В этот вечер Люба и Сашок сидели на веранде и старались не обращать внимания на гул самолётов, треск зениток и вой падающих бомб.
— На острове этом никого не было, — рассказывал Сашок, — кроме зловредного старика и мальчика, то-есть самого автора, который пишет. Это с ним в детстве произошло… Даже животных там не водилось, только птицы раз в год прилетали на остров выводить птенцов. И тогда старик с мальчиком собирали птичьи яйца, ловили птенцов и сушили на солнце их мясо. Это у них были заготовки на зиму. А на душе у старика была страшная тайна, а под полом у него были бриллианты. Он иногда поднимал половицу и перебирал свои сокровища, но мальчик ничего этого не знал… А когда на горизонте появился корабль, мальчик не знал, что это такое, и подумал, что это птица…
Обычно Люба слушала, по-детски раскрыв рот. Само неправдоподобие рассказа было для неё привлекательно, она любила следить за ходом авторской выдумки и загадывать — что будет дальше? Она никогда не торопила рассказчика, так как романы приключений тем и хороши, что в них всё непрерывно запутывается, а в самом конце распутывается ко всеобщему удовольствию. Но сегодня над головою творилось что-то такое страшное, что увлечься событиями на далёком острове было невозможно. И Люба рассеянно спросила, прислушиваясь к тревожному завыванию моторов над домом:
— А что за тайна у старика?
— Не спеши, — сказал Сашок. — Разве бывает в книгах, чтоб тайна открывалась в начале? Для этого старику — ого! — надо ещё ослепнуть и получить удар ножом по руке, и свалиться с утёса, и раскаяться перед смертью… Однако шумно сегодня! — заметил он, исподлобья поглядев вверх.

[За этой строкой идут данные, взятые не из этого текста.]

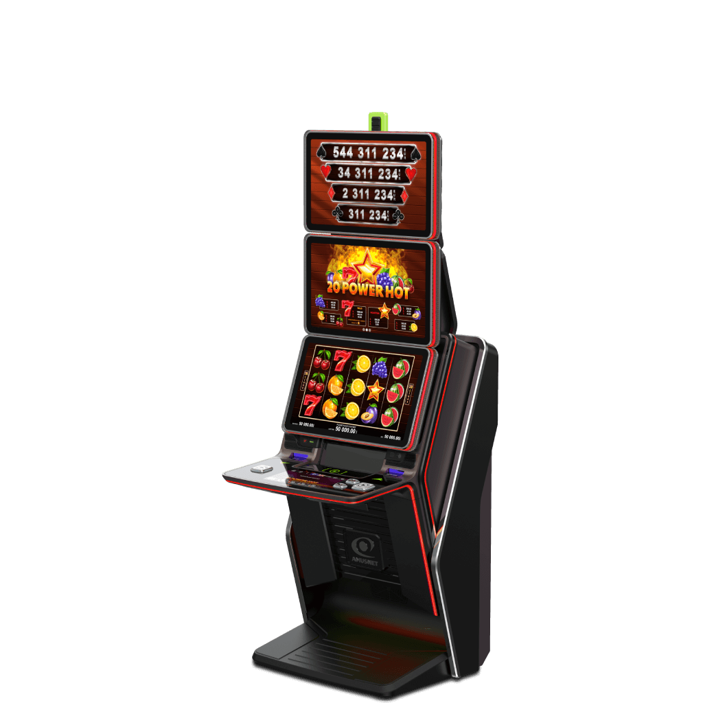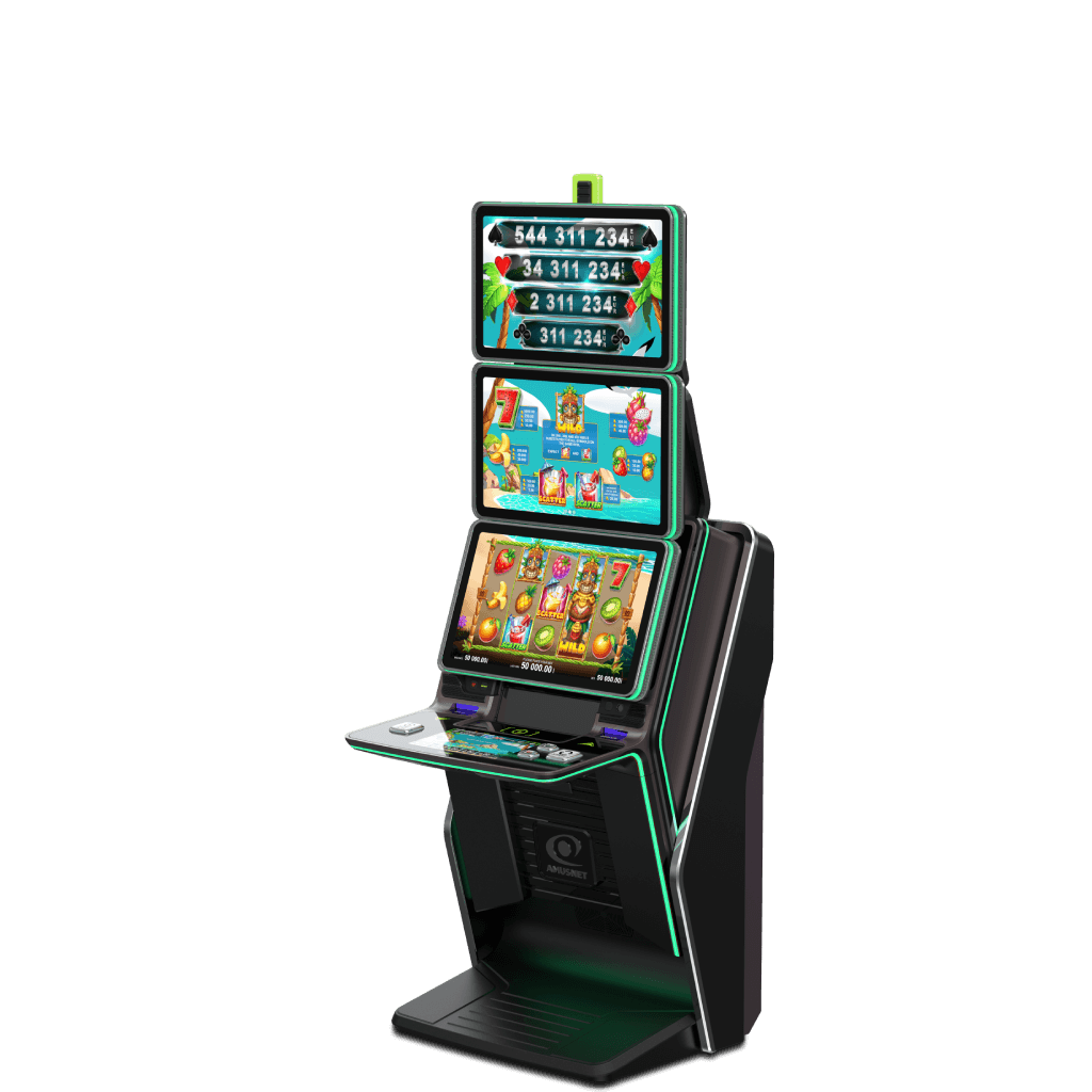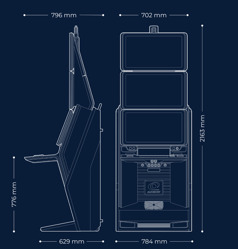 Example configuration: bank of six slot cabinets model Type S 27, equipped with accessories for improved players’ experience. High-resolution LED advert panels on both sides of the configuration. Straight LED connections between the cabinets and integrated glass tables. There is a possibility to add an optional double-sided LED board for jackpot visualisation on top.
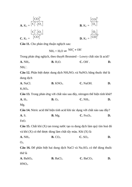 Câu 11. Cho phản ứng thuận nghịch sau: NH3 + H2O ⇌
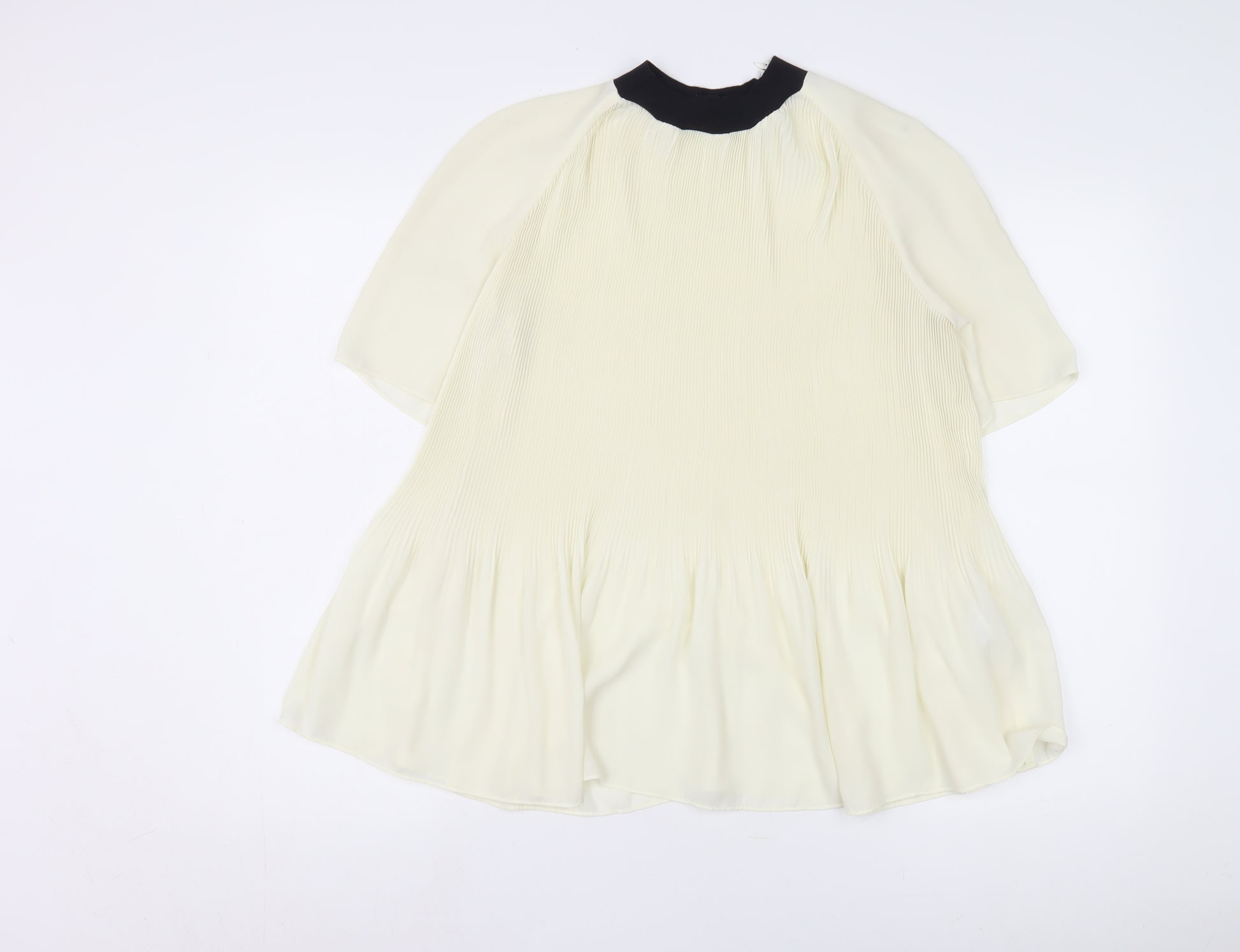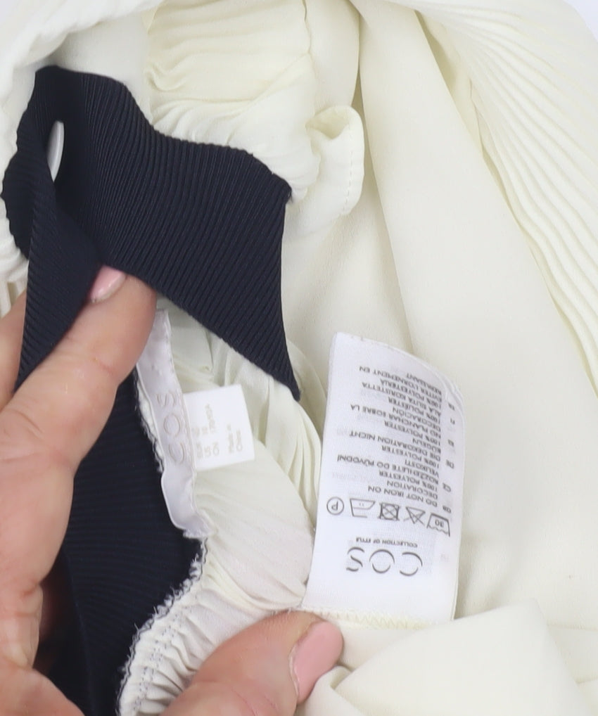 Elevate your wardrobe with this elegant COS women's blouse in a sophisticated ivory hue. Designed with a modern kimono style, this blouse features short raglan sleeves, offering a relaxed yet stylish fit. The high neckline adds a touch of class, making it perfect for casual outings during spring and summer. Crafted from lightweight chiffon fabric, the blouse drapes gracefully, providing a chic silhouette. Made entirely from durable polyester, it ensures comfort while being easy to maintain, as it's machine washable. Ideal for women seeking a vibrant addition to their attire, this solid pattern blouse can effortlessly pair with jeans or skirts for a versatile look. With no embellishments, its minimalist design makes it a perfect choice for those who appreciate understated elegance. In very good condition, this blouse promises years of fashion-forward wear without any visible defects. Priced at £35.00, this stylish piece from COS offers an excellent opportunity to refresh your style with a touch of contemporary sophistication.
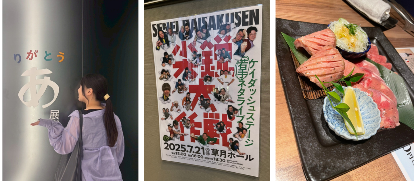 週末や仕事終わりには、友人とピクニックに行ったり、平成レトロな雰囲気の居酒屋をめぐったりしています。最近は、ケイダッシュステージ所属の若手芸人が出演するライブや「デザインあ展neo」にも足を運びました。体験型の展示が多く、とても楽しかったです!基本的にお休みの日はご飯を食べることが多いです!
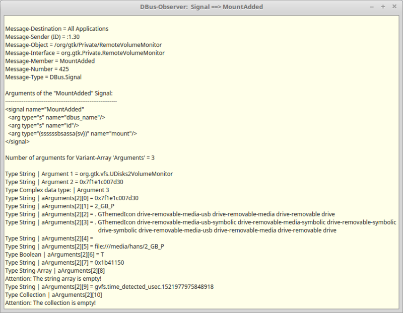 In addition, here is an excerpt of the output of the dbus-monitor programme when a USB stick has been inserted and, among other things, the D-Bus signal “VolumeAdded” of the object /org/gtk/Private/RemoteVolumeMonitor triggered then is displayed with the values of its arguments:
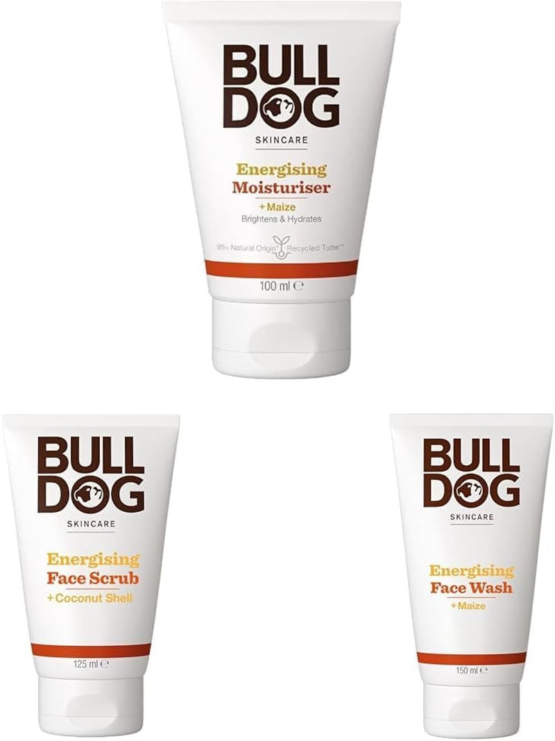 Bulldog Energising Moisturiser, Wash & Exfoliating Scrub Bundle

Но за серыми низкими облаками ничего не было видно.
— Ну, рассказывай, Сашенька… Фу, как они гудят! Это воздушный бой, правда?
— Факт! Слышишь, пулемёт шпарит. Не иначе — твой брат долбает.
— Ой!.. Ну, рассказывай, Сашок… Ты говорил, что появился корабль и мальчик принял его за большую белую птицу — у него же паруса, верно?.. Ой, что это? Саша, что это?!
Чёрно-красный гудящий клубок пронёсся наискось высоко над переулком и через секунду с тяжёлым грохотом взорвался где-то неподалеку.
— Самолёт… — шопотом сказала Люба.
— «Юнкере», — успокоил её Сашок.
— А вдруг он на какой-нибудь дом упал?..
— Может быть…
Люба вдруг завизжала пронзительно, истошно. Длинные ноги, болтаясь в воздухе, скользнули мимо веранды. Тёмная фигура, опутанная стропами парашюта, бестолково раскачивалась, силясь удержаться на ногах, но не удержалась и шлёпнулась на землю, и парашют навалился на неё.
— Саша, миленький! — отчаянно закричала Люба.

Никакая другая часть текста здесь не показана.